Page 15

I looked up at my friend.

My best friend.

My person.

My life.

Fire burned in my stomach, and tears flowed from her eyes. She became overwhelmed with emotion and began sobbing uncontrollably.

“It was you…?” I whispered.

“Oh my gosh, Grace!” she cried. Her hand landed over her mouth to control her sobbing mess, but still, I watched her fall apart in front of me.

It was her.

Not a random woman, but her.

Her.

Autumn.

The woman who’d been through wars with me.

I hadn’t been able to really get in touch with her lately, and when I had, she’d ended our calls fast, always telling me she’d call me back, yet she never had.

I understood now.

What I didn’t understand was how she could have done this to me.

She’d been in my home. We’d laughed together. She’d told me how amazing Finn and I were as a couple. She’d said she envied us. I’d cooked dinner for her and her ex-boyfriend Erik. When Erik had cheated on her, I’d comforted her, telling her she was better off without him and she’d find someone worthy of her love.

I hadn’t meant my husband.

“Oh my God, oh my God,” she said, still crying.

I felt her tears against my cheeks.

Wait, no…

Those were my own tears. The disbelief of it all shook me to my core. How was this a thing? This couldn’t be a thing. I felt as if I were in a nightmare, unable to open my eyes and wake up safely in my warm bed. Was it all a mirage? Autumn would never do that to me. Finn would never hurt me in that way—at least that was what I’d thought. As it turned out, though, my thoughts were wrong, and their hearts were jaded.

I blinked my eyes, but still, I saw her.

My stare scanned up and down her body, taking in every inch of her. I studied her curves. I studied her tears. She was a beautiful crier. I hated that even when she cried, she looked like a goddess. She looked like everything I hadn’t been in so, so long.

Oh.

That hurts.

“Is he here?” I choked out, standing tall yet feeling as if I were crashing down. She just kept crying. He was there. Those were his tennis shoes. I puffed out my chest. “Finley!” I shouted as I darted through her house.

I knew every inch of Autumn’s home. I knew every corner. When she’d moved in, I’d taken a weekend trip back to Chester just to help her organize it. I checked the closets, the bathroom, the corners, under the beds.

When I opened the pantry door, my heart clenched, and those blue eyes stared straight into mine. My husband was hiding beside the garlic powder and sea salt in an attempt to avoid coming face to face with me.

Shirtless.

“Grace—” he started, but he shut up quickly when I slapped my hand against his face. “Shit!” he hollered.

“Oh my God!” I cried, feeling overwhelmed by betrayal, pain, and sadness. My hands flew over my mouth. “Oh my God, oh my God!”

I was an ugly crier. I could only imagine how hideous I looked in that moment.

I looked nothing like her.

There were so many nights of my life I’d wished I looked like her.

“I’m so sorry.” Autumn sobbed, holding her hands over her heart as she continued to fall apart. “I’m so, so sorry, Grace,” she repeated, and every time she spoke, I thought about dying right then and there.

I pushed past her, rushing out the front door. My vision blurred, my mind jumbling. I couldn’t think straight.

“Grace.” I heard him behind me, and I flinched at the sound of his voice. That voice had once filled me with so much happiness. It was what I had fallen in love with—so smooth, so deep—was now so unbelievably hurtful.

“No,” I said adamantly, watching Finn emerge from inside my personal hell and walk toward me. He wasn’t irritated with me like he had been in Atlanta, but the guilt swam in his eyes. “Don’t talk to me.”

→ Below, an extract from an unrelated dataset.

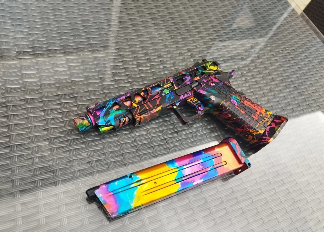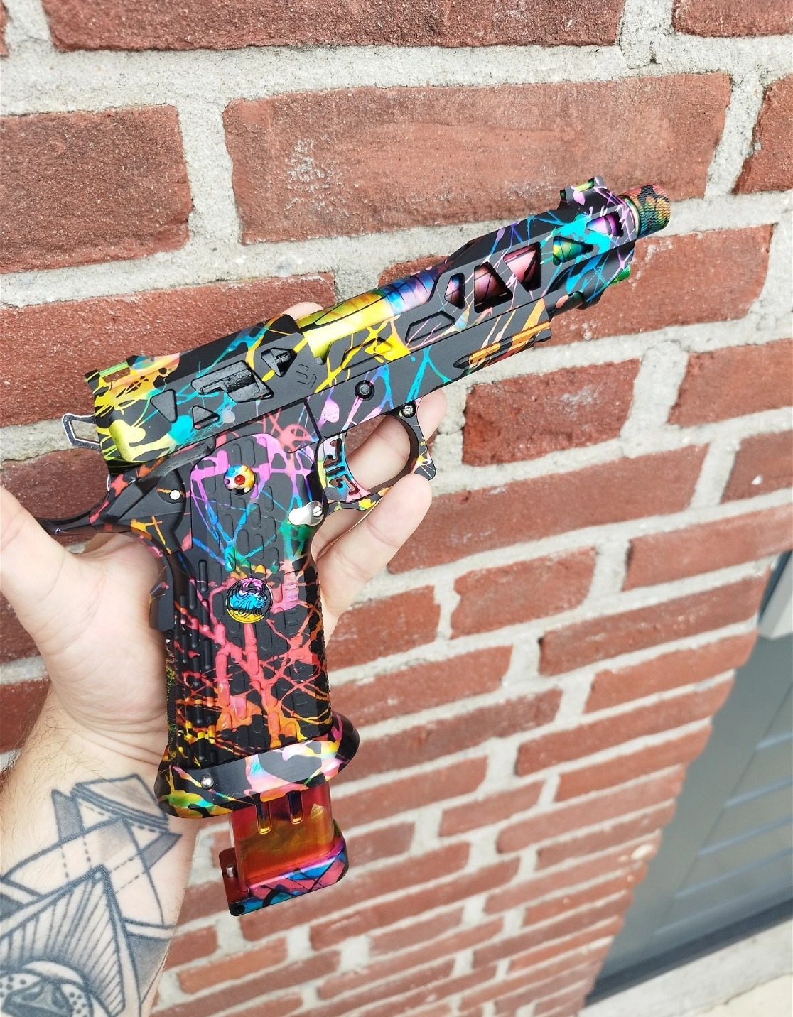 De hicapa en de extended mag zijn beide volledig en op unieke wijze geanodiseerd, dit zorgt ervoor dat je niemand gaat tegen komen met dezelfde Hicapa! Naast de unieke looks zit er ook nog een super gewilde en niet meer te verkrijgen Poison speedQB slide op, en niet zo maar 1 ... het is de allereerste ooit gemaakt met serie nummer #0001 , hoe bijzonder wil je het hebben?!

“I just…” He pinched the bridge of his nose. “I didn’t know how to tell you. We didn’t know how to—”

“Autumn, really?!” I cried, shoving my hands against his chest. “My Autumn! You-you-you monster!”

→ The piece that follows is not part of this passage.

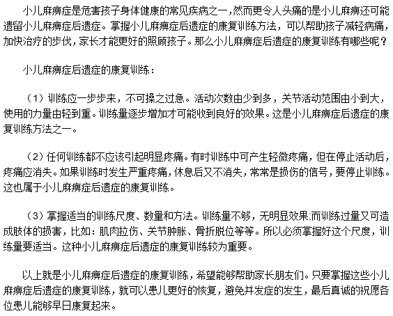 相信很多朋友一定會(huì)對(duì)小兒麻痹癥后遺癥的康復(fù)訓(xùn)練方法很感興趣,下面就請(qǐng)各位考生仔細(xì)閱讀這篇關(guān)于小兒麻痹癥后遺癥的康復(fù)訓(xùn)練方法,希望對(duì)大家能夠有幫助。

He let me hit him, and that made me angry. I wanted him to fight back. I wanted him to lay his hands on my body instead of delivering blows to my heart. I wanted it to hurt. “You said she meant nothing to you. You said she meant nothing! You slept with my best friend!”

“I know. I mean, we…it’s…”

“I swear to God, Finley, if you say it’s complicated, I will rip your head off your body.” I never swore to God unless I truly meant it.

“I still care about you, Grace. I didn’t tell you because I didn’t want to hurt you,” he said.

Slap.

I slapped him again, and again, and again. How could he use those words? How could he say that to me? How could a small corner of my heart somehow stupidly believe him?